Tasmanian Gothic

a selection of strange and beautiful paintings from Tasmania

Other Tasmanian Gothic sites

Art and the Environment

These pictures depict a world where all may not be what it seems. Is it a Rainforest Theme Park where eco-tourists come to gape at the Last Tree, supported by complex technologies to keep it alive, surrounded by Faithful Recreations of a Real Forest Environment? Is it a world where nature has triumphed, growing over and obscuring the works of man? Or is it something else altogether?

If there is passing similarity between my work and that of some Surrealists, it is not that they have influenced me; rather, we share the same influences - the meticulous and eerie paintings of late mediaeval and Renaissance painters such as Rogier van der Weyden, Dürer, Bosch, Altdorfer, Elsheimer and Filippo Lippi, and later painters like Poussin, Breughel and Rubens.

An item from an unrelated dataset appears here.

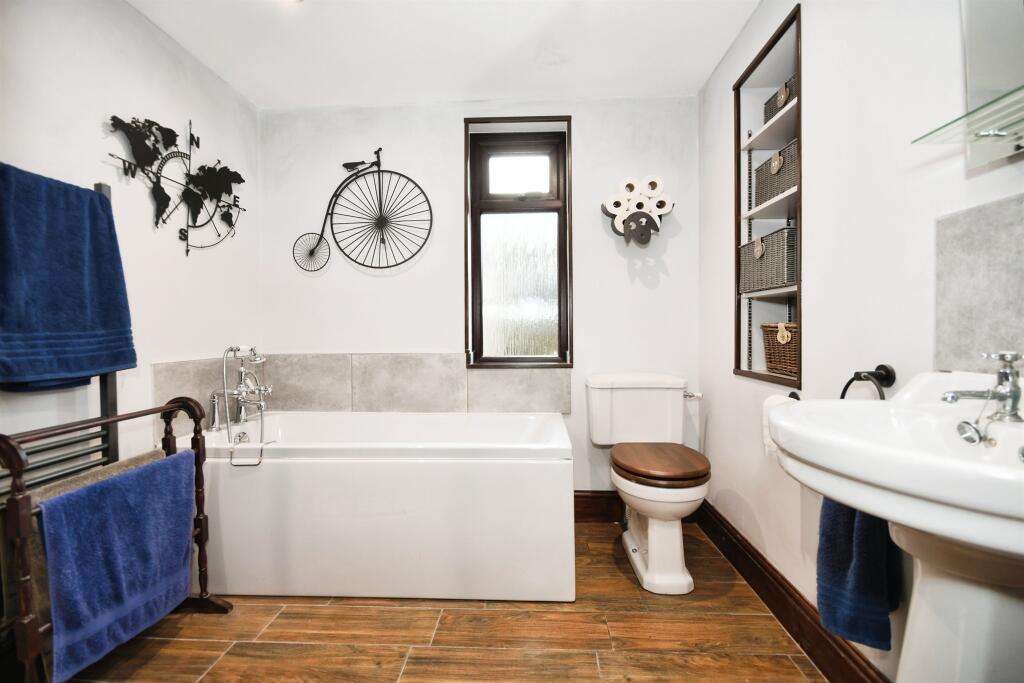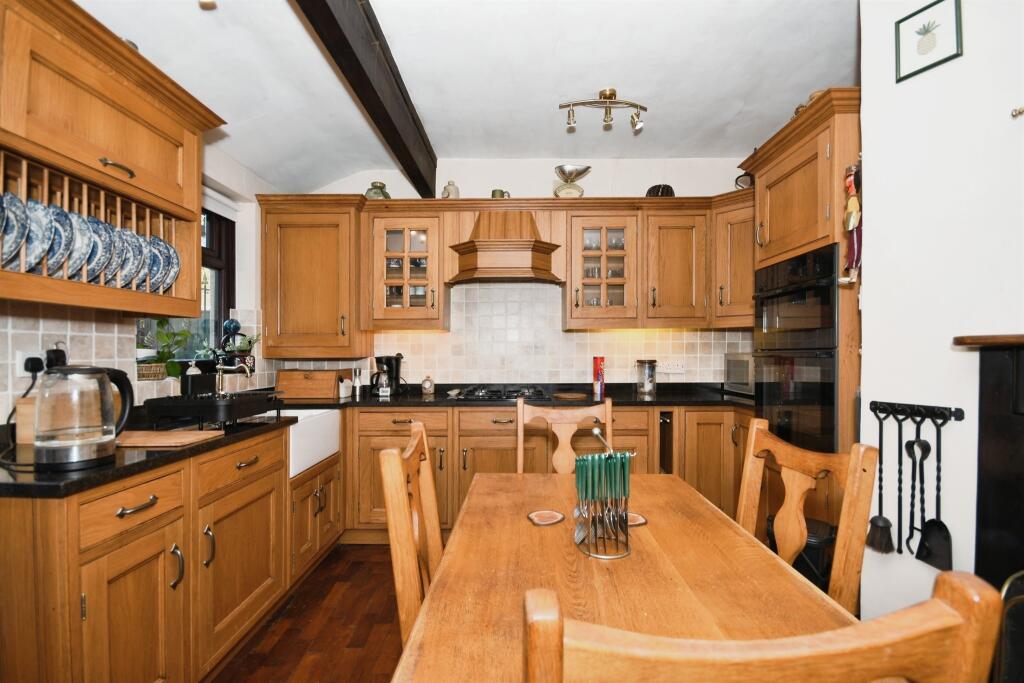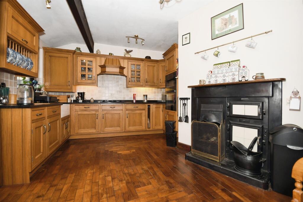 Immaculate and modern with arts and crafts references to Macintosh to include stained & leaded windows, open fires and an in-service open fired cast iron range. Excellent parking on a drive and easily managed well landscaped gardens with two generous out-buildings.

My pictures are multi-layered and deliberately ambiguous re-presentations of the world, executed in an illustrative style to avoid distracting the audience with layers of cultural history and artistic mystification. There is no "correct" interpretation; whatever meaning you discover will be right and valid.

The images are frequently disquieting; perhaps a bit frightening, but always intriguing and, I hope, amusing.

About Elizabeth Barsham

I grew up in Lindisfarne, attending Lindisfarne State School and Rose Bay High School, then studied art in Melbourne under Wesley Penberthy and Ming Mackay. I have had paintings hung in the Blake Prize and other major exhibitions: they have won many awards and have been acquired by Monash University and by private collectors Australia wide, as well as in Canada, UK, New Zealand, Singapore, France, Germany and Japan. I exhibits regularly and work can frequently be seen in mixed exhibitions at CAST and the Long Gallery in Hobart. You can also see recent work on my main website, www.tasmanian-gothic.com

Several years ago I returned to my old family home in Lindisfarne, and I now teach drawing and painting at Adult Education, Eastern Shore.